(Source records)
..............................
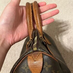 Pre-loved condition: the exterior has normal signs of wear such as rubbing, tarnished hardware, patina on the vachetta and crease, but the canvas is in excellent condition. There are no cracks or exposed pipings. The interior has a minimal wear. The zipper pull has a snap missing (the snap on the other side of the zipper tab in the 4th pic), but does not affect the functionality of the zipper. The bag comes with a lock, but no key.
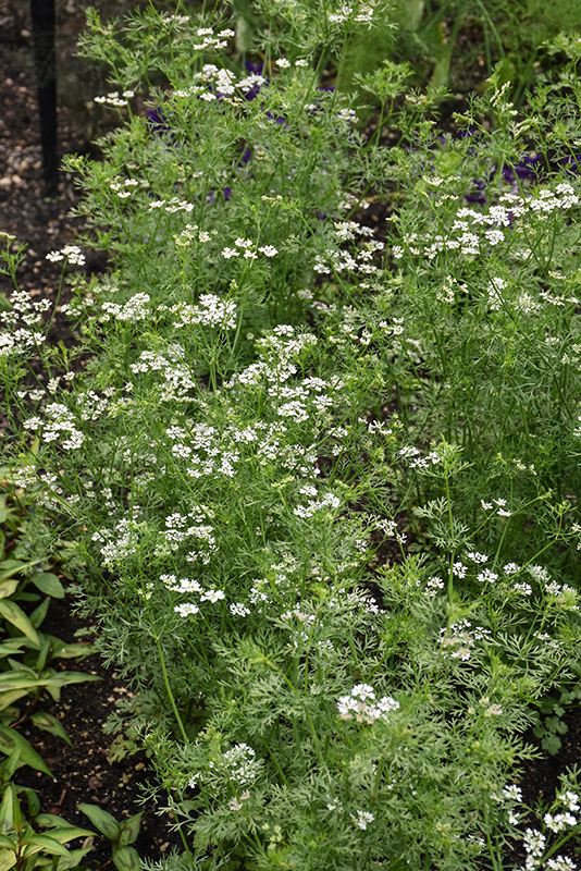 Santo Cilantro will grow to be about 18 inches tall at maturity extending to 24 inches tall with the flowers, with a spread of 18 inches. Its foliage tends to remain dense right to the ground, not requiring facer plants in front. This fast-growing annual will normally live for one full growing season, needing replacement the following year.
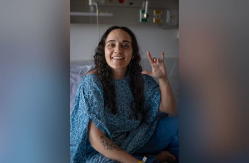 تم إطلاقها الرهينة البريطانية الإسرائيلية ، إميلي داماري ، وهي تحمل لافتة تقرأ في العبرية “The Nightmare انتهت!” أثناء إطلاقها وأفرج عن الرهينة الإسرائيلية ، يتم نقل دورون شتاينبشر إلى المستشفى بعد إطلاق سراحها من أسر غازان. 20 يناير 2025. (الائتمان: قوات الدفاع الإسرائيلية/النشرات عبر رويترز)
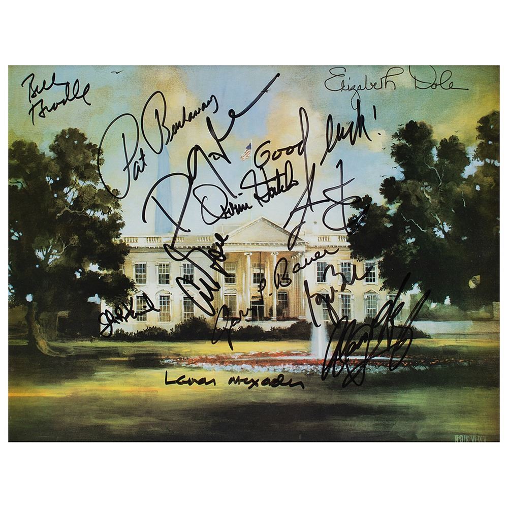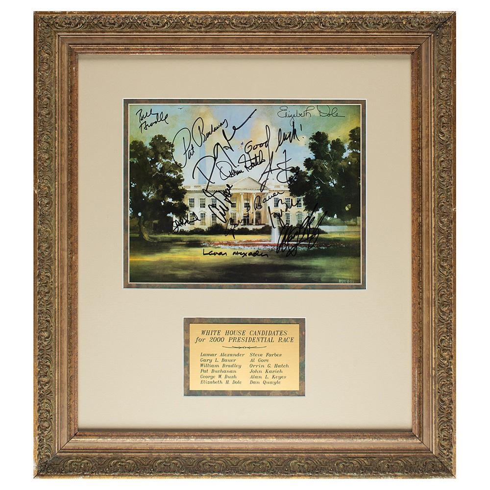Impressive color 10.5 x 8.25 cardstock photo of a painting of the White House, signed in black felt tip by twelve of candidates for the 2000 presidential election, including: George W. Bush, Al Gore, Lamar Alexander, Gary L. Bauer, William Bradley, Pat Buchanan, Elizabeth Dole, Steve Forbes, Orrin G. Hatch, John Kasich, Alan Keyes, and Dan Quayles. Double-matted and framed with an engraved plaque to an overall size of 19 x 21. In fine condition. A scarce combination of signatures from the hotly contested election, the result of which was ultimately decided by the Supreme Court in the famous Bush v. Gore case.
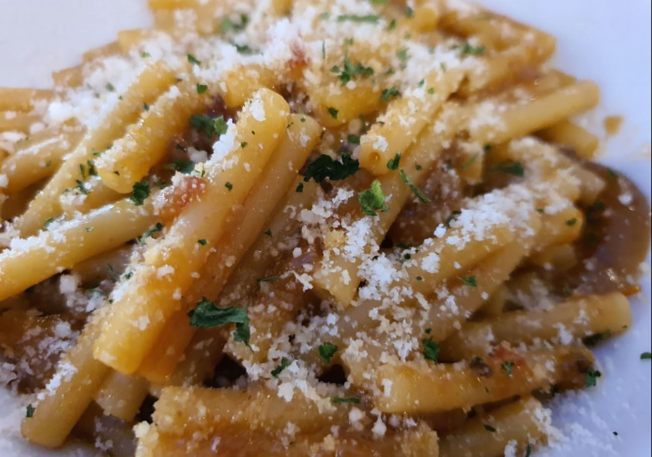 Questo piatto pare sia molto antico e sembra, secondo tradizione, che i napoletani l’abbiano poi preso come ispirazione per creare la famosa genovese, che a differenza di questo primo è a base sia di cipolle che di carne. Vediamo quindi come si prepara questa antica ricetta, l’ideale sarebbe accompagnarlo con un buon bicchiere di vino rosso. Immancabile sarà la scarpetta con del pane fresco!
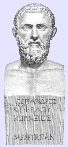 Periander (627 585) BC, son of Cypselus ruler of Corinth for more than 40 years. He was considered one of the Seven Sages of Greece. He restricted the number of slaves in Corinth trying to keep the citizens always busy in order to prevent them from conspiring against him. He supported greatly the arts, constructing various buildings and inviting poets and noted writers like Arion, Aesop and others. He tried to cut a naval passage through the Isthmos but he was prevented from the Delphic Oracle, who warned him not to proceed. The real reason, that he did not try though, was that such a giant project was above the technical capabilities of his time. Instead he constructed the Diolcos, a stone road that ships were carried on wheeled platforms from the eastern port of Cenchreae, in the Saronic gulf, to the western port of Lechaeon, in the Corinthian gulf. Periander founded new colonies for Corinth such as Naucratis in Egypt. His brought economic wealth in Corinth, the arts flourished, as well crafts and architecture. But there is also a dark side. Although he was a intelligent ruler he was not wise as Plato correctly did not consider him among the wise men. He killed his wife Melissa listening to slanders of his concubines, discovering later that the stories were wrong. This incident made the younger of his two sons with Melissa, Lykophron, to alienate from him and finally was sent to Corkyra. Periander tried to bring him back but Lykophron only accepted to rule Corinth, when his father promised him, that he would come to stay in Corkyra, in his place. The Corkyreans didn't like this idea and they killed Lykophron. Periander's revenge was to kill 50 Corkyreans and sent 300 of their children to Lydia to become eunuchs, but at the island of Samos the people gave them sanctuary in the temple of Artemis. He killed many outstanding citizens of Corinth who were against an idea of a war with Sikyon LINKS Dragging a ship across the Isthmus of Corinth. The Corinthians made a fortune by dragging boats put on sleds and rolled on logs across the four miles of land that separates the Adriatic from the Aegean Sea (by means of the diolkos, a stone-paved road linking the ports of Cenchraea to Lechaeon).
..............................
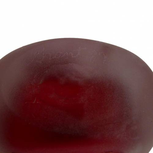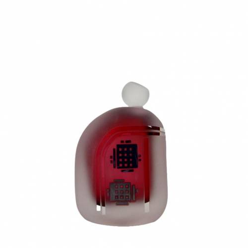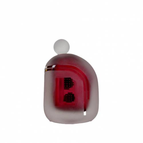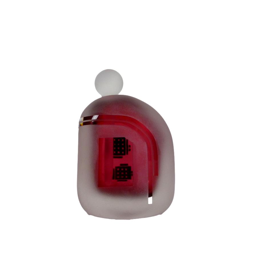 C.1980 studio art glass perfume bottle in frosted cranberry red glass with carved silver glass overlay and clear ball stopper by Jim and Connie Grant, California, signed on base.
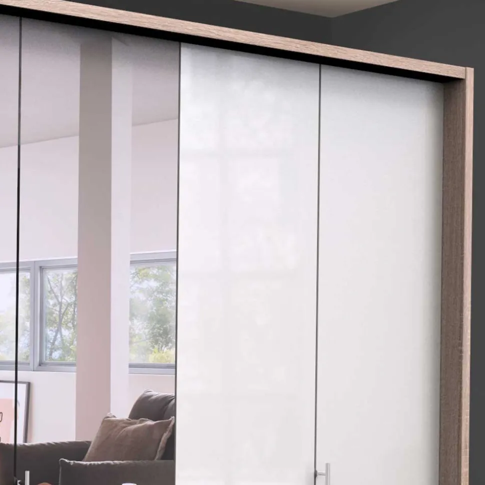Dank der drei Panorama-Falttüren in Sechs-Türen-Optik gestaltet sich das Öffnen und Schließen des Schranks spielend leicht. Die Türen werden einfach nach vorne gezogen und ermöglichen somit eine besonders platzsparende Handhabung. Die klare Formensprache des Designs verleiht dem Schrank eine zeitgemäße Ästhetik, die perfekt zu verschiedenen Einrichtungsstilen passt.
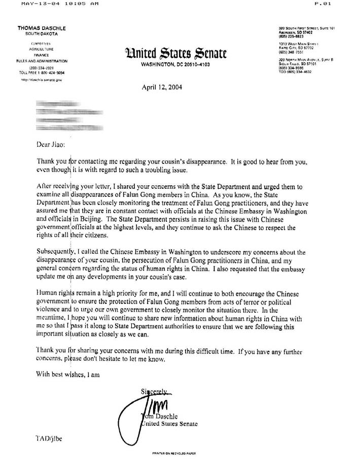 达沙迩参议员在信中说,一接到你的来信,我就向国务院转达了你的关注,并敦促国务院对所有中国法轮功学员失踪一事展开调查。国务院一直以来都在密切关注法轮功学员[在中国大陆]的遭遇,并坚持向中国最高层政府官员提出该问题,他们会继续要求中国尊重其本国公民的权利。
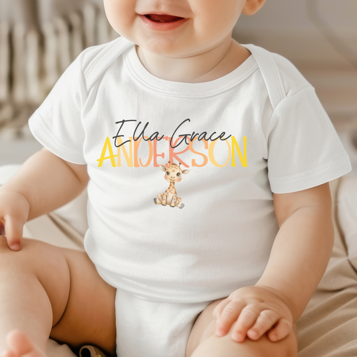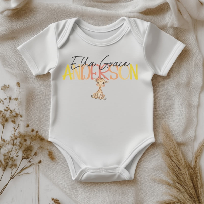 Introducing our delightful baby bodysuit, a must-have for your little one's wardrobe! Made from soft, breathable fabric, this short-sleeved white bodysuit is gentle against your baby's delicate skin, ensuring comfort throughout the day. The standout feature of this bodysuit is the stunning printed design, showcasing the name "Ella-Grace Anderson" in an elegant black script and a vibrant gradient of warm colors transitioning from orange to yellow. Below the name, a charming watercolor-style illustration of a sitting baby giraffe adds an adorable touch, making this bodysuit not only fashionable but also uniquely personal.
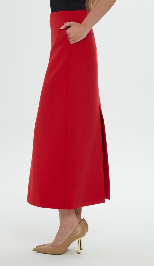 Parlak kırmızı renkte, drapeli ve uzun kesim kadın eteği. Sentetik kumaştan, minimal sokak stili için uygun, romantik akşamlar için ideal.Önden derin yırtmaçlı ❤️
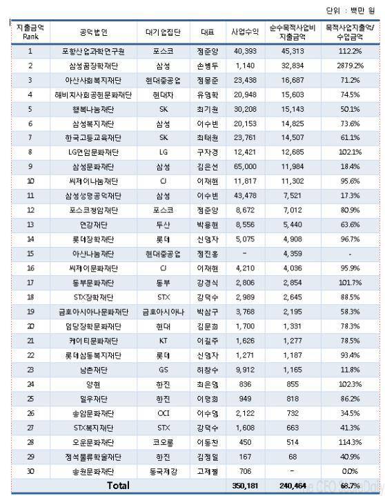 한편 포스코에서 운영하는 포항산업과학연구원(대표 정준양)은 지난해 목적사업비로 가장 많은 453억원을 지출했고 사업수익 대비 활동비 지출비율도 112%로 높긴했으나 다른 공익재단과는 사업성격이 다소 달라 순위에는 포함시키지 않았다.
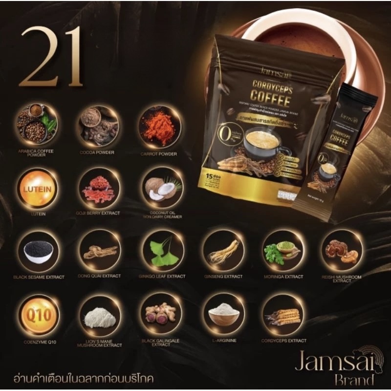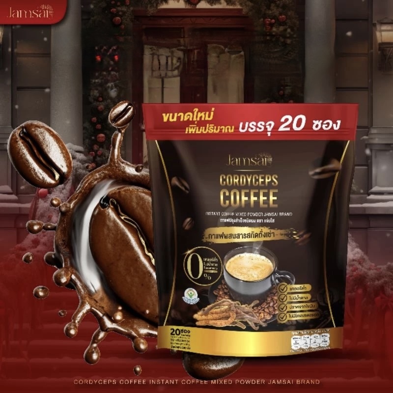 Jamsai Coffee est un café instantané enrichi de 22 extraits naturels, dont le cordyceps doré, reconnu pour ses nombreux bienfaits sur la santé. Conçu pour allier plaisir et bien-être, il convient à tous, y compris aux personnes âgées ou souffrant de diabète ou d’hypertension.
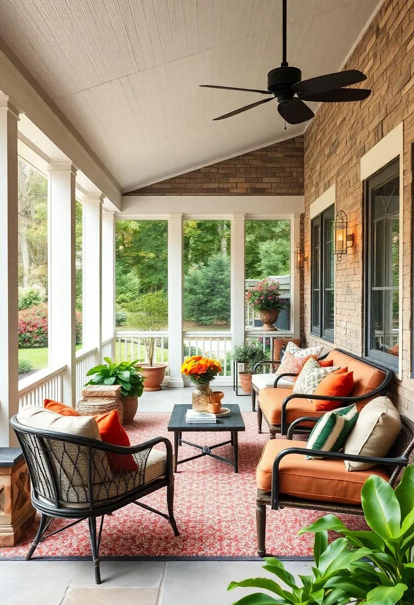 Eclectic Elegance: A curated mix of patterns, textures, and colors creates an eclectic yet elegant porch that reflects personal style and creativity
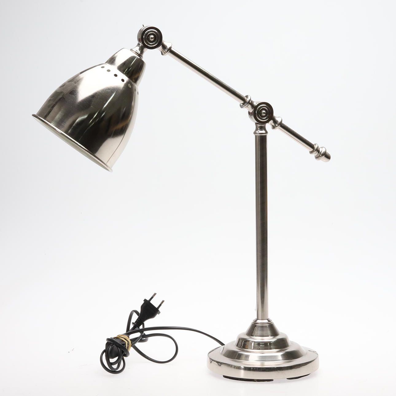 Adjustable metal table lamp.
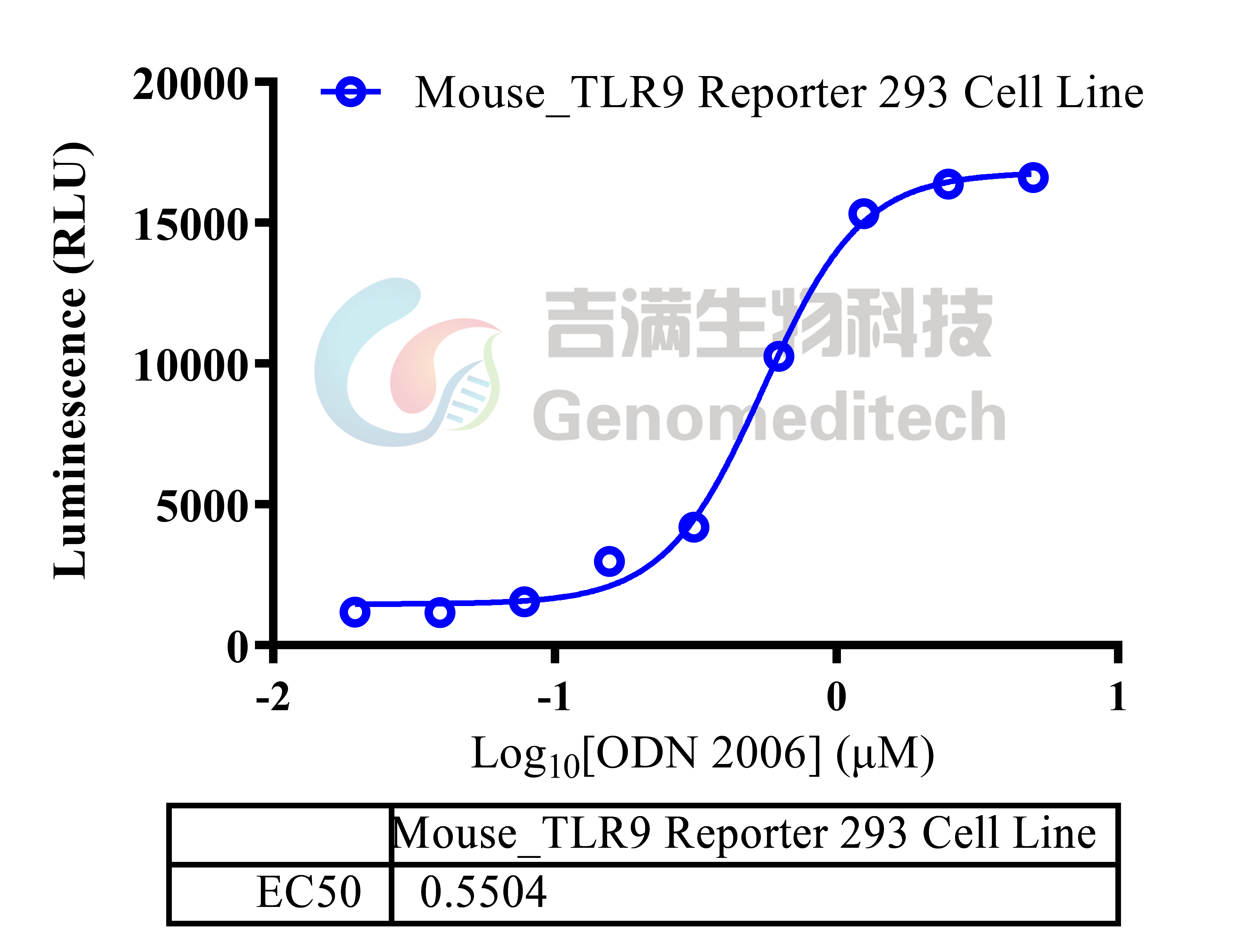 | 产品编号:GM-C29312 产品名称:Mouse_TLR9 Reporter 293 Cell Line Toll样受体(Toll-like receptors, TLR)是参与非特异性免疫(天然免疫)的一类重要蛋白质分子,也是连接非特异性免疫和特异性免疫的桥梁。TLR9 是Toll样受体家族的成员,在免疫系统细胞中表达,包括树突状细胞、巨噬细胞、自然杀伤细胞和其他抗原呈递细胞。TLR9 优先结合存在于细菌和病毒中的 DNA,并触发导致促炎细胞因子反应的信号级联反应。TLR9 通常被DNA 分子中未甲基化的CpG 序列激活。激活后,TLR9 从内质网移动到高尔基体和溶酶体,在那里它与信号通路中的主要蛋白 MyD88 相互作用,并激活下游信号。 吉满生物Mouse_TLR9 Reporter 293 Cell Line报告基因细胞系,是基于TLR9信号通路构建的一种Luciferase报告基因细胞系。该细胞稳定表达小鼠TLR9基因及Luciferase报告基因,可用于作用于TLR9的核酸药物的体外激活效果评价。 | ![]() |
..............................
» Problem details
Without the pictures, set down the lines above from the line with "Pre-loved condition: the" up to and including the line with "تم إطلاقها الرهينة" exactly as they stand.

» Exercise output
 Pre-loved condition: the exterior has normal signs of wear such as rubbing, tarnished hardware, patina on the vachetta and crease, but the canvas is in excellent condition. There are no cracks or exposed pipings. The interior has a minimal wear. The zipper pull has a snap missing (the snap on the other side of the zipper tab in the 4th pic), but does not affect the functionality of the zipper. The bag comes with a lock, but no key.
 Santo Cilantro will grow to be about 18 inches tall at maturity extending to 24 inches tall with the flowers, with a spread of 18 inches. Its foliage tends to remain dense right to the ground, not requiring facer plants in front. This fast-growing annual will normally live for one full growing season, needing replacement the following year.
 تم إطلاقها الرهينة البريطانية الإسرائيلية ، إميلي داماري ، وهي تحمل لافتة تقرأ في العبرية “The Nightmare انتهت!” أثناء إطلاقها وأفرج عن الرهينة الإسرائيلية ، يتم نقل دورون شتاينبشر إلى المستشفى بعد إطلاق سراحها من أسر غازان. 20 يناير 2025. (الائتمان: قوات الدفاع الإسرائيلية/النشرات عبر رويترز)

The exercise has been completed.